A forest of fir trees, thousands of sacred pillars that mark the rhythm of my footsteps through this great natural cathedral. I feel small and I think I hear the rustling of the leaves through the stories of writers and poets of which are steeped in these places, the stories of monks, saints and pilgrims who have chosen these forests as a place to live.
We are in the heart of the Valle Santa, in the Casentino Forests National Park. It’s a “closed” valley of Tuscany, because until a century ago to get this was not so easy, there were no access roads but only small trails through the woods, crossing small villages and rivers.
Maybe that’s why the Casentino has been featured by the early nineteenth-century travelers as a ‘”enchanted island where they seem to be asleep in the value of time“. Perhaps for the same reason the monks who crossed these forests chosed to stay here and build their meditation space.
Today, this secluded valley is a beautiful and wild place, outside the usual tourist routes in Tuscany, where it is possible to recover an authentic contact with nature. A valley of woodcutters, charcoal burners, transhumant and mills, rich in important historical presences, ancient stone villages, small churches and picturesque sanctuaries.
The three most important are those of Vallombrosa, Camaldoli and La Verna, who in 1833 with the shapes and colors of nature had fascinated the nineteenth-century travelers of the Grand Tours.
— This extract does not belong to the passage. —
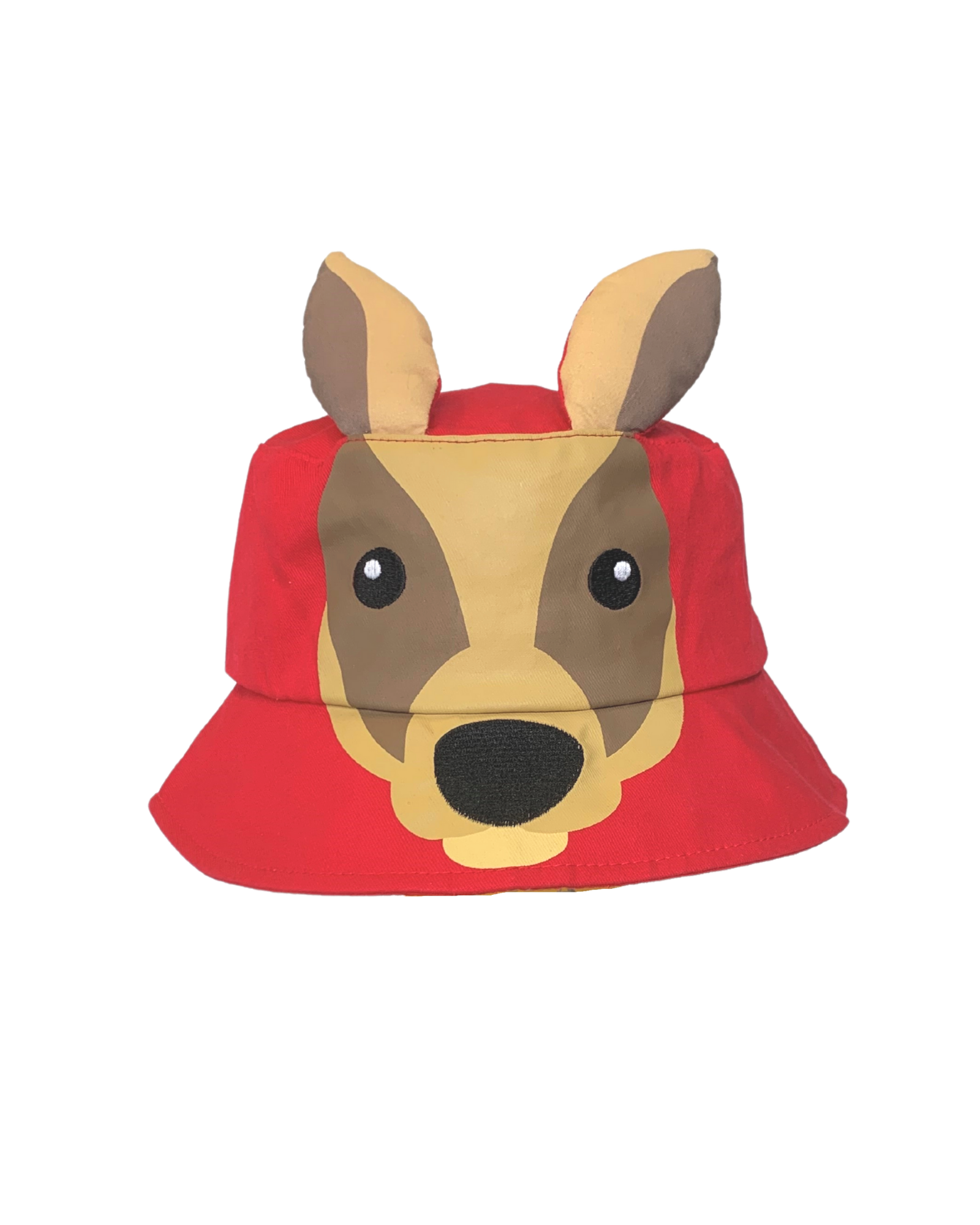 Hop alongside with a kangaroo wearing this kids cotton bucket hat.

In 1833 the British intellectual Lady Charlotte Maria Bury dedicated to the Queen of England an elegant guide in verse entitled precisely “The three great Sanctuaries of Tuscany. Vallombrosa, Camaldoli, La Verna, “a poem with valuable information and an elegant travel volume accompanied by etchings on the shrines of Vallombrosa, Camaldoli and La Verna. Lady Charlotte Maria Bury described the forms of the romantic nature of the Casentino, that religion has consecrated forever.
But many years before the pilgrims, saints and monks had chosen these same places for their intense nature, poetic and spiritual St. Francis chose the mountain of La Verna, St. Romuald the dense forest of fir trees of Camaldoli.
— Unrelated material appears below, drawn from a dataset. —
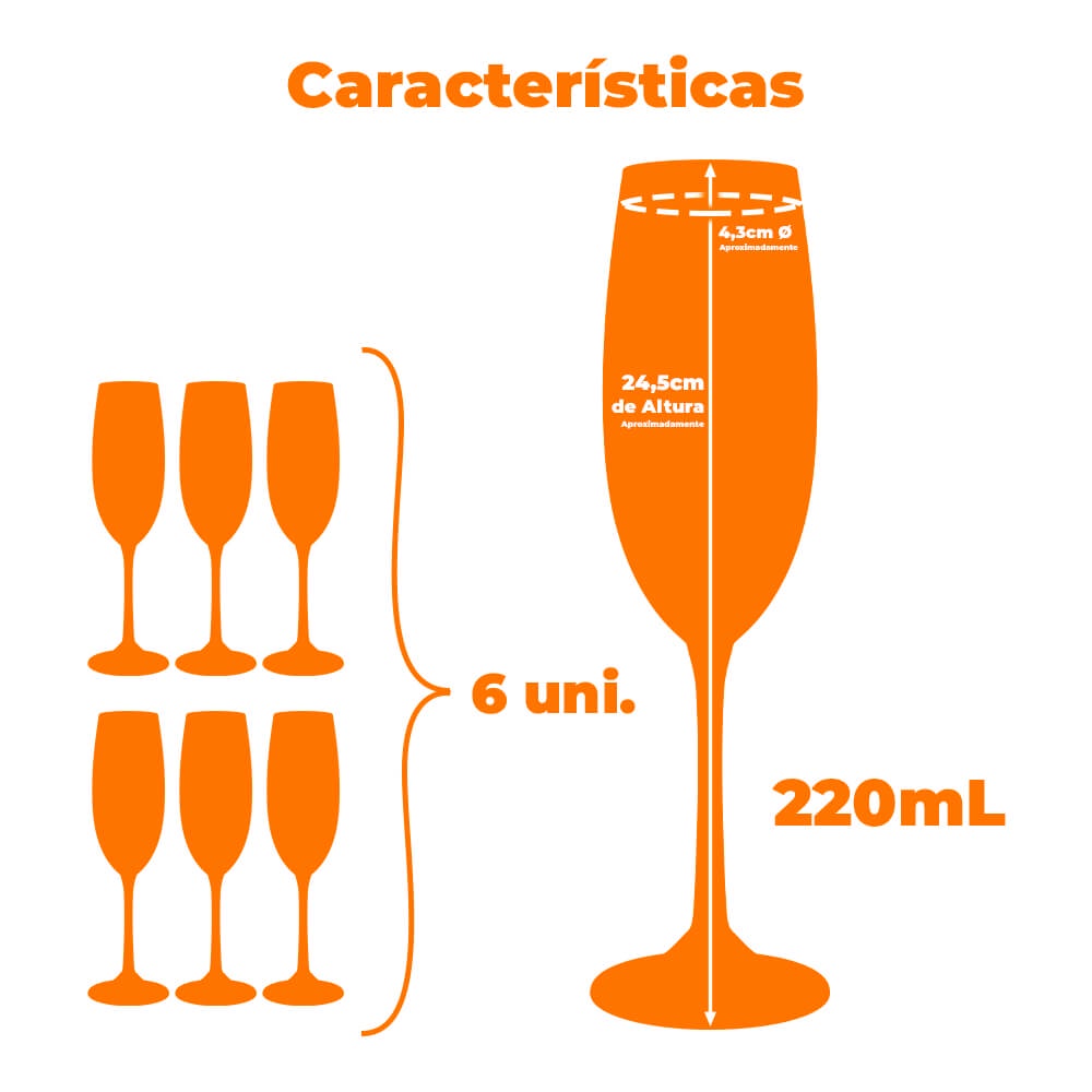 Jogo de Taças de Champanhe Bohemia Cristal 6 peças 220ml 4S032/220

Walking in the Sacred Forests, to the Sanctuary of La Verna
In 1213 the Count Orlando Cattani invited St. Francis to visit a very impressive natural place, and gave it to him as a gift (every year in July, you can watch a re-enactment in costume suggestive of this important historical event). This area is today one of the most famous and picturesque monasteries of the Casentino.
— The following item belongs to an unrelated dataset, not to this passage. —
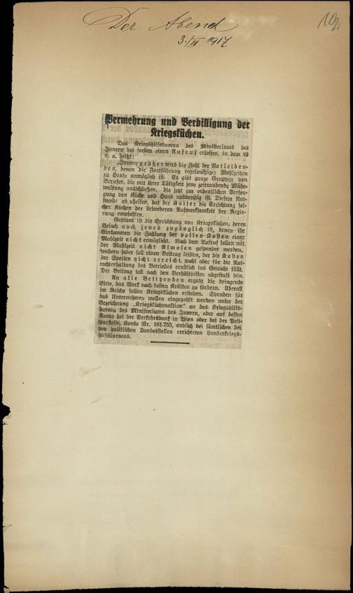 / Vermehrung und Verbilligung der Kriegsküchen. 3.12.1917

To get there we walk along the ancient path of the Sacred Forests that we take through a narrow opening in a wall of stone and natural rock. We walk on a lawn where the grass is dotted with millions of colorful flowers, and it is sufficient to look up to be captured by the sculpture of the sanctuary. On top of the mountain of La Verna, the old building is at one with the natural sculpture of the rock.
The route passes through a picturesque forest of fir trees, where large boulders covered with moss create grottoes and natural caves, once used by the monks as ice chests.
In the distance we can see the mountains and the natural reserve of Sasso Fratino, the oldest nature reserve in Italy, in which since 1959 has banned access to the man. In that stretch of virgin forest located on a particularly steep, ancient trees and plants are preserved, and around this mine of biodiversity is created at the beginning of the nineties the Natural Park of Casentino Forests.
We walk without haste in this forest of monuments, savor the scent of moss and bark. Escapes the gaze upward, including specimens of ancient firs and beeches, which reach heights of 50 meters and a diameter of 180 cm, or down on the damp ground, looking for footprints of deer, wolves, deer, roe deer and boar …
The path of sacred forests is a path of meditation in the beauty of nature that preparing for the arrival in the sanctuary of La Verna.
Once inside the walls of the sanctuary there is a feeling of returning to reality, with the hat among tourists and monks crossing the simple spaces of ancient architecture. The sound of bells marks the everyday time.
On the wall of a long corridor with regular frescoes of the story of St. Francis there is an unexpected door, showing the beauty of nature where nothing is regular and predictable. Beyond the door a striking landscape of rocks, trees and rocks again offer a space for poetry and spirituality. From here, down a few steps in a natural cave, you will discover the dark space and crop chosen by St. Francis as a resting place.
The heart of the sanctuary seems to this corner of nature, punctuated by the rustle of the leaves by birdsong, which rewinds like a movie in front of my eyes the slow path, meadows, cliffs and forests sacred path to get up to here.